- Occupation: Creative Business Advisor
- Television: Project Runway Season 8 (Winner)

= Gretchen Jones =

American fashion designer

Gretchen Jones is an American fashion designer, who won the eighth season of Project Runway.

==Project Runway==
During her run in Project Runway, Jones placed in the top two in the first three challenges, winning the first two. She was accused of manipulating and bullying her team during one of the challenges. Throughout the season, she admitted she got tired, and lost some of her inspiration.
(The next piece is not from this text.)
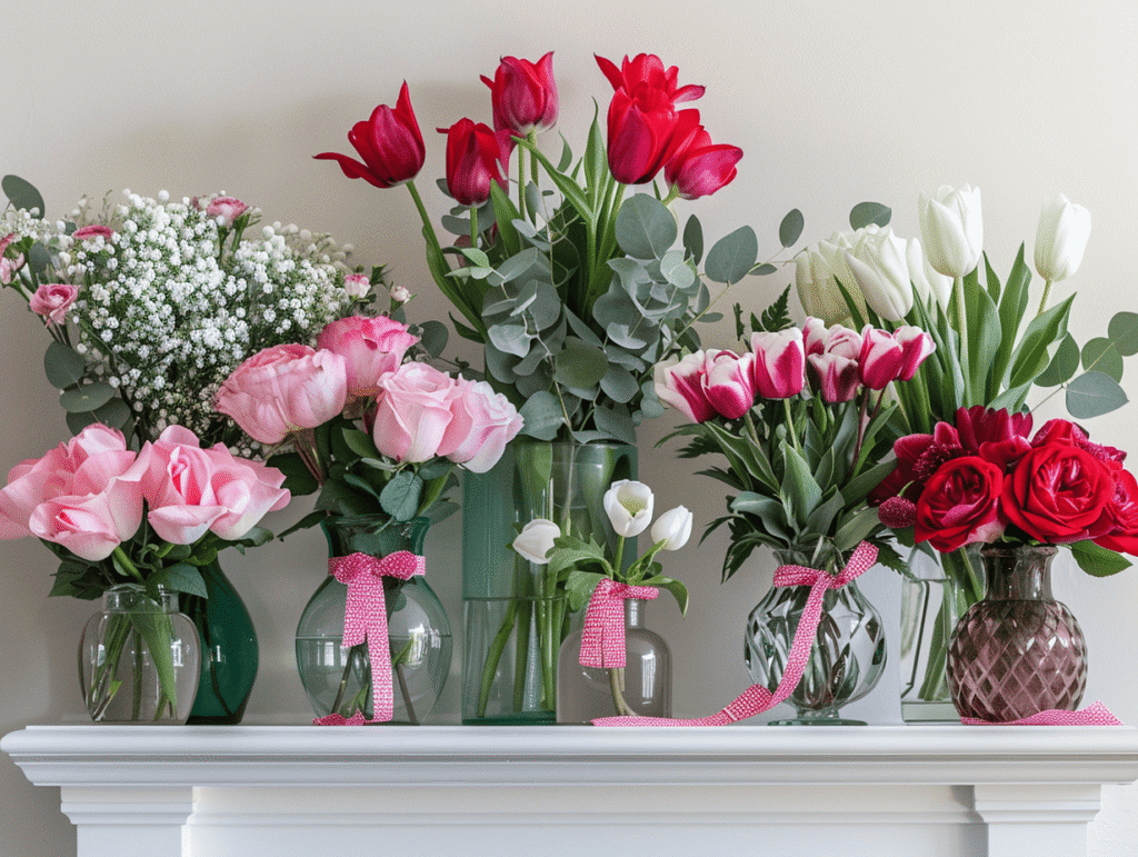 Fresh flowers are a timeless part of Valentine’s Day decorating and bring life and color to any mantel. Arranging roses, tulips, or carnations in shades of pink, red, and white creates a coordinated and romantic look. Adding greenery such as eucalyptus or baby’s breath softens the arrangement and adds natural texture. Decorative vases or ribbon-tied jars elevate the presentation, making it feel polished and intentional. The mix of fresh scents and vibrant colors instantly brightens the room, making floral displays a key element of Sensational Valentine’s Day decor.

After struggling to regain her position at the top of the competition midway through the season, her collection at New York Fashion Week made her the winner of Season 8 in October 2010. The finale became memorable due to the longer-than-usual judging process and the heated debate between judges Michael Kors and Nina Garcia, who were clearly in favor of Gretchen's collection, and Heidi Klum and Jessica Simpson, who favored Mondo's collection over Gretchen's. Jones is regarded as the most controversial winner of the series since Project Runway's inception. Tim Gunn, among others, has been a vocal critic of the decision made by the judges.

== After Project Runway ==
After her Project Runway win, Jones moved to New York City to create a ready-to-wear line. In 2013, Jones joined Portland-based Pendleton Woolen Mills as its fashion director of womenswear.

In 2018, she graduated from the University of London College of Fashion with an MBA in fashion.